┌────────

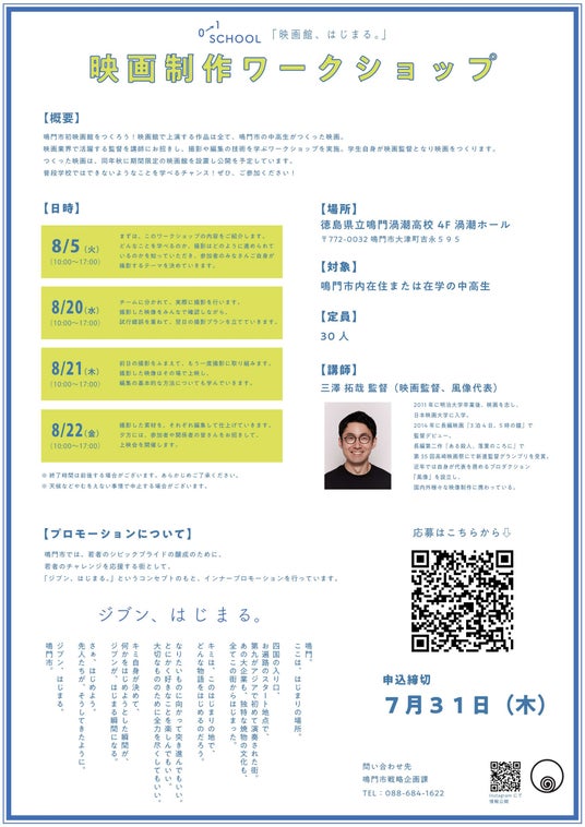 東京で映画やCMなどの制作を手掛ける映像会社(ドローイングアンドマニュアル(株))や映画監督(三澤 拓哉氏)による指導のもと、中高生が脚本制作から撮影、編集までのノウハウを学びながら、「鳴門市内で活躍する・輝く大人」をテーマにしたショートムービーを制作する。
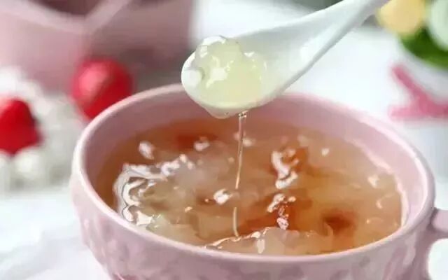 7.待桃胶银耳煮至软糯粘稠时加入适量黄片糖,糖融化后即可食用了。
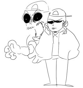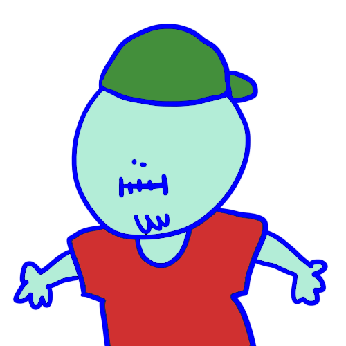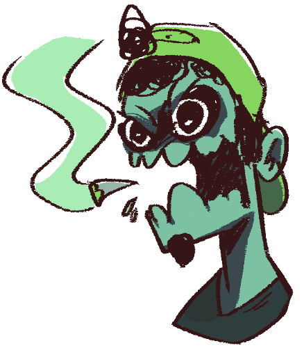 Appearance: Zombie with pale blue skin, chin beard, and wears hiptser skater clothes and junk. His right arm has been stitched back on.
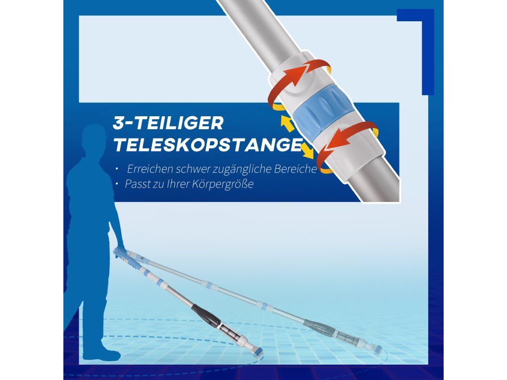 - Nastavitelná rukojeť: Vysavač má třídílnou teleskopickou rukojeť, kterou lze prodloužit ze 106 cm až na 162 cm, což usnadňuje sběr nečistot ze dna bazénu a dalších těžko přístupných míst. Zároveň si můžete zvolit nejpohodlnější délku podle své výšky.
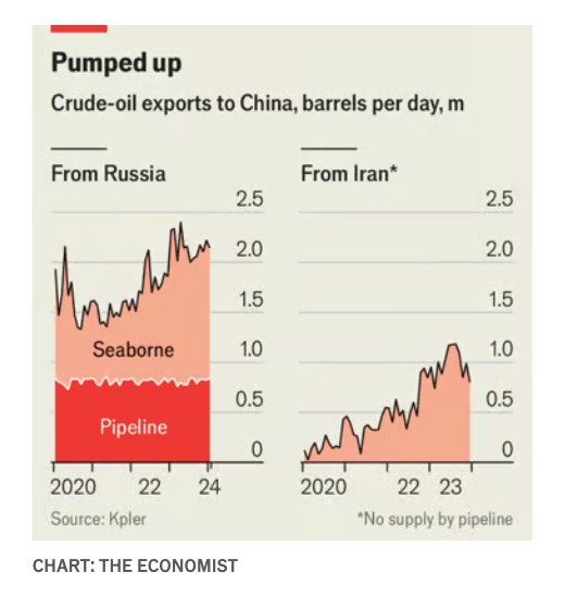 Ας ξεκινήσουμε με την άνθηση των επιχειρήσεων. Η Κίνα είναι εδώ και καιρό μεγάλος πελάτης των πετρελαϊκών χωρών, συμπεριλαμβανομένων του Ιράν και της Ρωσίας. Ωστόσο, αυτά τα δύο κράτη πωλούσαν πολλά πετρέλαια στην Ευρώπη, η οποία βρισκόταν κοντά στα κοιτάσματα της Ρωσίας και ήταν εύκολα προσβάσιμη από τον Κόλπο. Από τότε που η Ευρώπη άρχισε να σνομπάρει τις δύο αυτές χώρες, η Κίνα αγοράζει βαρέλια σε τιμή ευκαιρίας. Ο Reid l’Anson της εταιρείας δεδομένων Kpler υπολογίζει ότι οι εισροές από τα δυτικά λιμάνια της Ρωσίας έχουν αυξηθεί σε 500.000 βαρέλια ημερησίως, από λιγότερα από 100.000 προπολεμικά. Τον Δεκέμβριο οι εισαγωγές ρωσικού αργού έφτασαν τα 2,2 εκατ. βαρέλια ημερησίως, ή το 19% του συνόλου της Κίνας, από 1,5 εκατ. βαρέλια ημερησίως πριν από δύο χρόνια. Κατά το δεύτερο εξάμηνο του περασμένου έτους οι εξαγωγές του Ιράν προς την Κίνα ανήλθαν κατά μέσο όρο σε 1 εκατ. βαρέλια ημερησίως, σημειώνοντας αύξηση 150% σε σχέση με την ίδια περίοδο το 2021.

└────────

Reproduce, word for word, everything in the listing above from the line containing "7.待桃胶银耳煮至软糯粘稠时加入适量黄片糖,糖融化后即可食用了。" down to the line containing "- Nastavitelná rukojeť: Vysavač", both of them included. No pictures.

 7.待桃胶银耳煮至软糯粘稠时加入适量黄片糖,糖融化后即可食用了。
 Appearance: Zombie with pale blue skin, chin beard, and wears hiptser skater clothes and junk. His right arm has been stitched back on.
 - Nastavitelná rukojeť: Vysavač má třídílnou teleskopickou rukojeť, kterou lze prodloužit ze 106 cm až na 162 cm, což usnadňuje sběr nečistot ze dna bazénu a dalších těžko přístupných míst. Zároveň si můžete zvolit nejpohodlnější délku podle své výšky.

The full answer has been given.